Occurrence of SAEs until 8 months post-dose 1
Complete list of historical versions of study NCT00436007 on ClinicalTrials.gov Archive Site
  • Concentrations of Antibodies Against Hepatitis B (Anti-HB Antibodies). [ Time Frame: At Months 0, 1, 3 and 7. ] [ Designated as safety issue: No ]
    Anti-HB antibody concentrations were expressed as geometric mean concentrations (GMCs) in milli-international unit per milliliter (mIU/mL). The seroprotection assay cut-off was 10 mIU/mL. This outcome only covers results for the GSK 257049 1 Group.
  • Concentrations of Antibodies Against Hepatitis B (Anti-HB Antibodies). [ Time Frame: At Months 0, 3, 7 and 8. ] [ Designated as safety issue: No ]
    Anti-HB antibody concentrations were expressed as geometric mean concentrations (GMCs) in milli-international unit per milliliter (mIU/mL).
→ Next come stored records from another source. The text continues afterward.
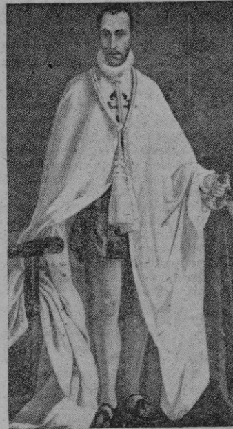
Retrato del Santo Duque de Gandia. Cuadro existente en el Salón de Coronas del Palacio Ducal. (Gandia)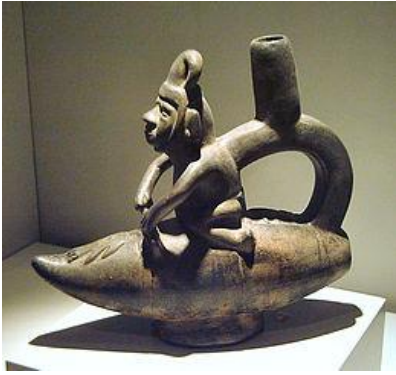
Cerámica chimú: Pescador en un caballito de totora (1100–1400 d. C.).

Los cerámicos chimúes cumplieron dos funciones, como recipientes para uso diario o doméstico y los cerámicos de uso ceremonial o para ofrendas de los entierros; los primeros fueron elaborados sin mayor acabado mientras los funerarios muestran bastante dedicación. Las principales características de las vasijas chimúes son una pequeña escultura en la unión del gollete con el arco, su fabricación moldeada para la cerámica ceremonial y modelada para uso diario, su coloración generalmente negro metálico con algunas variantes, su brillo característico se obtenía humeando la vasija que previamente había sido pulida. En pequeñas cantidades también se elaboraron cerámicos de colores claros. En la cerámica se han plasmado muchas representaciones realistas como animales, frutos y personajes, así como, escenas místicas y eróticas.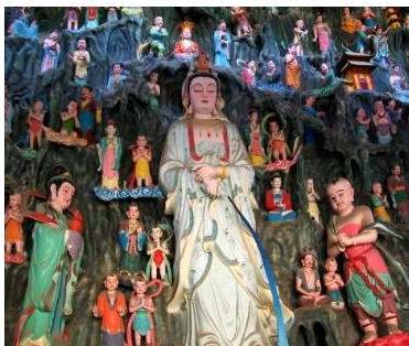
ภาพที่ 4 อัครสาวกเบ็องขวาและอัครสาวกเบ็องซ้าย

จิตรกร ก่อฉันทเกียรติ (2545) กล่าวว่าประเทศจีนเมื่อรับเอาพระพุทธศาสนาเถรวาทจากทางเหนือของอินเดียมา มังกรที่ชาวจีนนับถือมาแต่เดิมก็ไม่ได้ถูกลดบทบาทความสำคัญทางด้านคติและความเชื่อลงแต่อย่างใด แต่กลับเข้าไปมีบทบาทในเรื่องราวทางพระพุทธศาสนา เช่น ภาพจิตรกรรมพุทธประวัติตอนที่พระนางสิริมหามายาทรงสร่งน้ำให้กับสิทธัตถะกุมาร โดยมีพญามังกร 9 ตัวพ่นน้ำถวาย(ดังภาพที่ 5) หรือเรื่องราวของลูกสาวของพญามังกรชื่อเล่งนึ่งที่เลื่อมใสในพระโพธิสัตว์อวโลกิเตศวรมากจนถึงกับปวารณาตนเป็นบริวารรับใช้ฝ่ายหญิง (ดังภาพที่ 6) เป็นต้น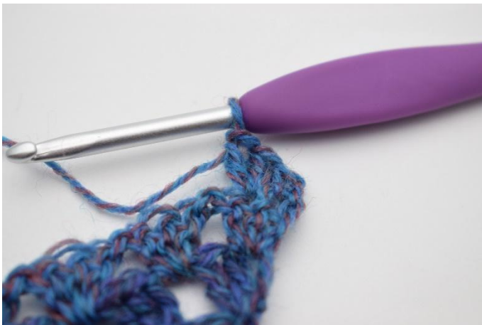
3. Genau so.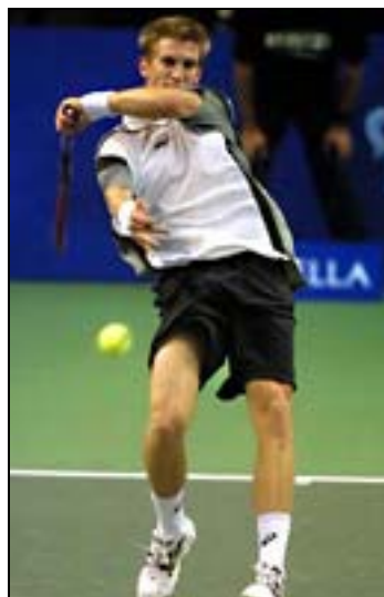
Jarkko Nieminen, vincitore dei Czech Open

The seroprotection assay cut-off was 10 mIU/mL. This outcome only covers results for the GSK 257049 2 Group.
  • Concentrations of Antibodies Against Hepatitis B (Anti-HB Antibodies). [ Time Frame: At Months 0, 3, 7 and 8. ] [ Designated as safety issue: No ]
    Anti-HB antibody concentrations were expressed as geometric mean concentrations (GMCs) in milli-international unit per milliliter (mIU/mL). The seroprotection assay cut-off was 10 mIU/mL. This outcome only covers results for the Tritanrix™ HepB/Hiberix™ Group.
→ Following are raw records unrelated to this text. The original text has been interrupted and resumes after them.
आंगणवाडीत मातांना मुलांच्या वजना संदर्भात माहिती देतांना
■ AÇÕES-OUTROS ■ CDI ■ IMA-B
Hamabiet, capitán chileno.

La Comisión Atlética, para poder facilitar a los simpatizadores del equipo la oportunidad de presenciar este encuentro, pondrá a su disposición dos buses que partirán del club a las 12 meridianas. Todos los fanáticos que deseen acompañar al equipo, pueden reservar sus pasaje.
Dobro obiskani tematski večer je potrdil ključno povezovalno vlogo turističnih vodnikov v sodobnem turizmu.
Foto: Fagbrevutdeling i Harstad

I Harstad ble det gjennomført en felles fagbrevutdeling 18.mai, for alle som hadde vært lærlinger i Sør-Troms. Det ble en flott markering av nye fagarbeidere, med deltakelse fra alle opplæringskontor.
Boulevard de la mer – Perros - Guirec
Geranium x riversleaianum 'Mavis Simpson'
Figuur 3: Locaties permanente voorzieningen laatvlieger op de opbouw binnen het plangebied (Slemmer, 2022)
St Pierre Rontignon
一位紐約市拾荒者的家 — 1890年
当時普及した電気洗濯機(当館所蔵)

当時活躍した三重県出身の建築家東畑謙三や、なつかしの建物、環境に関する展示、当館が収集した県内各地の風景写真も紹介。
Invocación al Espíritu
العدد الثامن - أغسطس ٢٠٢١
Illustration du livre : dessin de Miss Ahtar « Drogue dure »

  • Concentrations of Anti-diphtheria (Anti-D) and Anti-tetanus (Anti-T) Antibodies. [ Time Frame: At Month 3 ] [ Designated as safety issue: No ]
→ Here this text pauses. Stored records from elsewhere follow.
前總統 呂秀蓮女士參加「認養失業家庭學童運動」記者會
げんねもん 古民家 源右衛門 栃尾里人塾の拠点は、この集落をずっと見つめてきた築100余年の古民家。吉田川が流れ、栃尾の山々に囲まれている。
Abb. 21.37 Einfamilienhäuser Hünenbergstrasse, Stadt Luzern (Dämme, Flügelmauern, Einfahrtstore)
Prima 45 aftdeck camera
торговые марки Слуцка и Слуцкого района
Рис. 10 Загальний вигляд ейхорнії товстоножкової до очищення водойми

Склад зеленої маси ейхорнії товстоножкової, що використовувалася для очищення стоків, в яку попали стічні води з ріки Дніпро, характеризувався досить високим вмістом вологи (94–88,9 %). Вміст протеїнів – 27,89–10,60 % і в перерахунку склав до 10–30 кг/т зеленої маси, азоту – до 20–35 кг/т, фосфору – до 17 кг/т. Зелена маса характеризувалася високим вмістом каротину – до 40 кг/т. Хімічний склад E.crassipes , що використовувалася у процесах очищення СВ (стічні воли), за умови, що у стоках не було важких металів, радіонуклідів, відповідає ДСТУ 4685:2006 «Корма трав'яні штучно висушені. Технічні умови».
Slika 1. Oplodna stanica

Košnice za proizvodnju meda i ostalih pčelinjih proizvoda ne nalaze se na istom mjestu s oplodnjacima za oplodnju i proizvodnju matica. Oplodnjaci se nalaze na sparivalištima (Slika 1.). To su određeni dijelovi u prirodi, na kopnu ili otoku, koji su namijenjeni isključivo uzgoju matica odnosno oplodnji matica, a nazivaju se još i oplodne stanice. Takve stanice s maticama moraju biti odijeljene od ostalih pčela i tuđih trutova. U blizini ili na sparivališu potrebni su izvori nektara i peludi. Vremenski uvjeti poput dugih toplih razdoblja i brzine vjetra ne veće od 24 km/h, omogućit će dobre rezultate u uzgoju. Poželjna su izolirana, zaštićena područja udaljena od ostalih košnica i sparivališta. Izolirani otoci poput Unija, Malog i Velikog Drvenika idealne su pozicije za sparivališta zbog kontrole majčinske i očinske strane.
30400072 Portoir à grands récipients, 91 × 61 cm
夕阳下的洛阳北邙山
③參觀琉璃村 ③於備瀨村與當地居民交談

    Anti-D and Anti-T antibody concentrations were expressed as geometric mean concentrations (GMCs) in international unit per milliliter (IU/mL). The seroprotection assay cut-off was 0.1 IU/mL.
  • Number of Subjects With Serious Adverse Events (SAEs). [ Time Frame: From Month 8 to Month 19 ] [ Designated as safety issue: No ]
    SAEs were defined as medical occurrences that resulted in death, were life threatening, required hospitalization or prolongation of hospitalization or resulted in disability/incapacity.
  • Concentrations of Anti-polyribosyl Ribitol Phosphate (Anti-PRP) Antibodies. [ Time Frame: At Month 3 ] [ Designated as safety issue: No ]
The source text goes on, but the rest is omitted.